# what are butter worms like?



## Frilled13 (Mar 4, 2008)

Hi, wonderin what butterworms are like, how big, how good for the reptile, are they fatty etc. as RLF UK have just got some.
Thanks in Advance.


----------



## animal addict (Jun 1, 2008)

I just bought some for my beardie today - they arent as fatty as waxies but I dont think they are good enough to fed as a staple - good thing as they are expensive lol - my order from live food uk arrived today (ordered yesterday) so they have them in stock they are a similar size as waxies


----------



## animal addict (Jun 1, 2008)

jst like to add as well tried them out on my beardie today and he LOVES them!!! gobbled 2 down in a flash from his bowl (there were other worms in there also) so thats his lot for today but I'm glad he likes them so I havent wasted any money lol!!


----------



## Frilled13 (Mar 4, 2008)

cool, although they look bigger in their pick than waxies, btw, do u need to headcrush?


----------



## herp boy (May 4, 2007)

i was gonna try and breed them but i couldnt find the foodplant, there really expensive


----------



## animal addict (Jun 1, 2008)

I feed them like waxies, found a site which shows their nutritional value:~
Butter Worms or Trevo Worms


----------



## herp boy (May 4, 2007)

animal addict said:


> I feed them like waxies, found a site which shows their nutritional value:~
> Butter Worms or Trevo Worms


so you feed them a mix of honey and wheatabix?


----------



## animal addict (Jun 1, 2008)

lol sorry I meant I feed them to my beardie like waxies (as in chuck them in a bowl - I dont headcruch them they dont seem to be a problem) - I dont feed them anything to keep them just leave them in their tub - I only get one tub per month they spin a cocoon of their substrate which you have to break to get a few out but if you wanted to bulk buy then you can store them in the fridge to preserve them


----------



## butterworms.co.uk (Jul 8, 2008)

Hi guys, great forum,

Just to clear things up.

Butterworms can only grow, and develop in Chile.

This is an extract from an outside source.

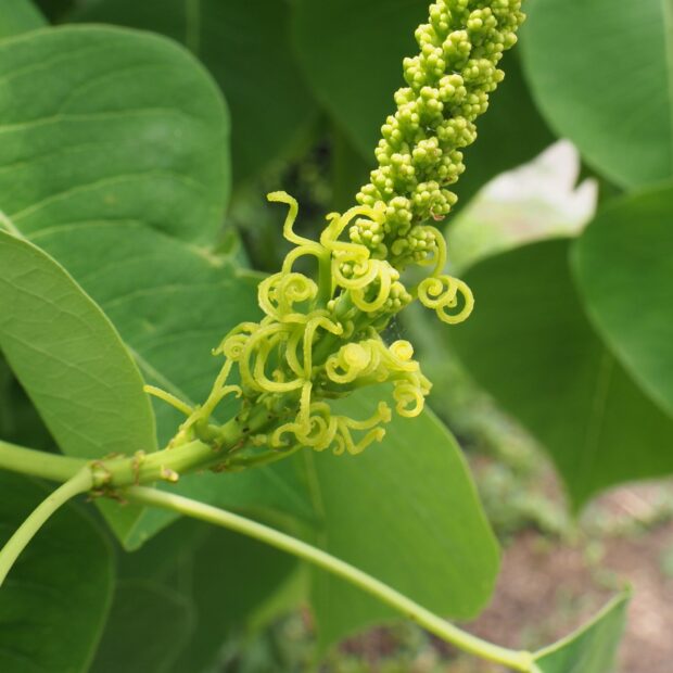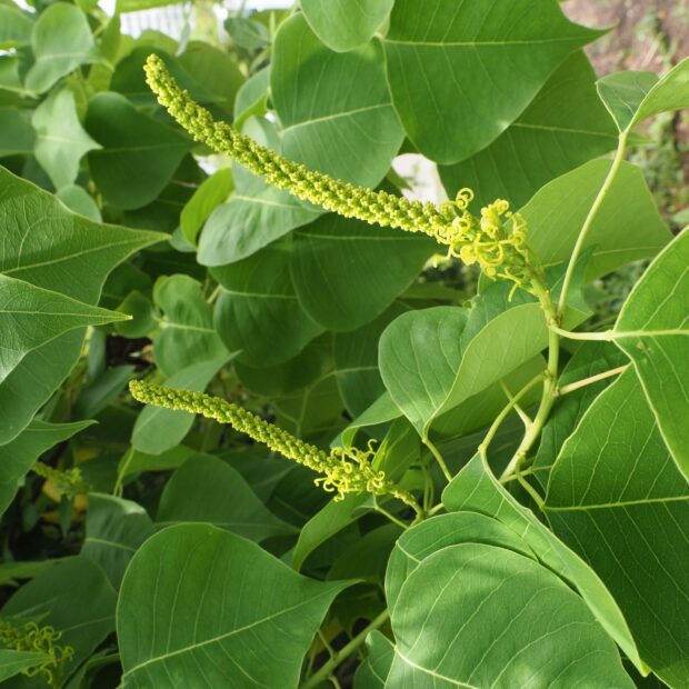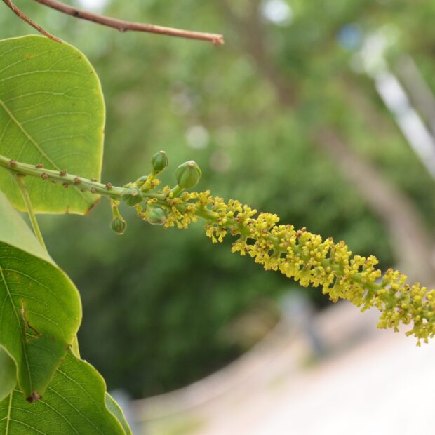 7月頃に枝先に黄色い小さい花を多数つけ、 6㎝~18㎝の房状になります。 上部には多数の雄花、 下部には1から3個の雌花を付けますがものによっては雌花がないこともあります。

They eat and live off of the Trevo tree, and are harvested for reptile food.

They are irradiated before leaving Chile, so they very very rarely turn into moths.

They range in size from small (thinner than a wax worm) but about the same length - ideal for babies.

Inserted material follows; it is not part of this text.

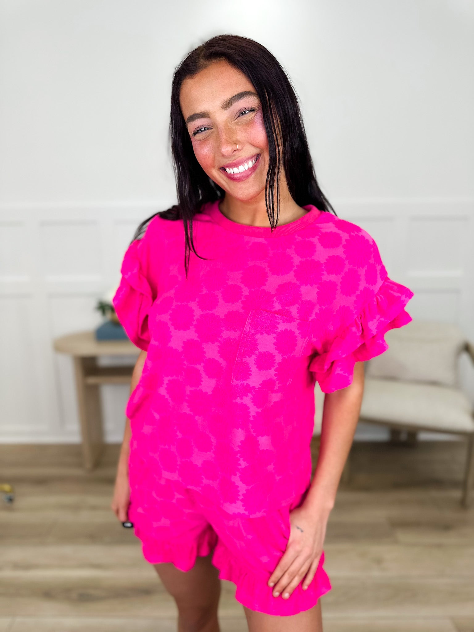 Kick off your season in style with this adorable high-rise shorts set! Featuring a cozy terry cloth fabric adorned with cheerful daisy prints, this two-piece combo pairs perfectly for effortless, feel-good vibes. The short-sleeve top keeps things breezy while the ruffled trim adds that extra touch of charm and personality. Whether you're lounging at home or stepping out for casual adventures, this set delivers comfort wrapped in playful style that makes getting dressed fun again.

Right up to around 2-3 inches. I am now able to provide some monsters. Ideal for monitors and adult beardies / water dragons. These are guaranteed huge. 

Their calcium content is much greater than pretty much all other feeders, and as you will have seen if you have tried them, reptiles go crazy for them.

I currently supply the UK with these, and if anyone is interested they are welcome to buy in bulk from me.

Livefoods currently supply in smaller quantities to make my job easier.

If anyone wants to know anymore - just ask 

Ian


----------



## animal addict (Jun 1, 2008)

butterwoms.co.uk - on your site are the normal order butterworms a mix of sizes or do you only do the huuuuge ones?


----------



## butterworms.co.uk (Jul 8, 2008)

Any order where size is not stated (100, 250, 500) you get a mixture.

I currently have some super sized ones - mainly to trial. Which are those sold as 50 per tub.

I can do up to 160 a tub of these, but they will be more expensive.

Many thanks

Ian Reynolds
www.butterworms.co.uk


----------



## roguez (Mar 19, 2007)

can they be used as a staple food due to the high calcium content instead of mealworms? i only have the one BD and a leo so 250 would last me a long time

i still plan on giving crickets just want to make sure the level of calcium is good instead of having to add supplements to thier diet


----------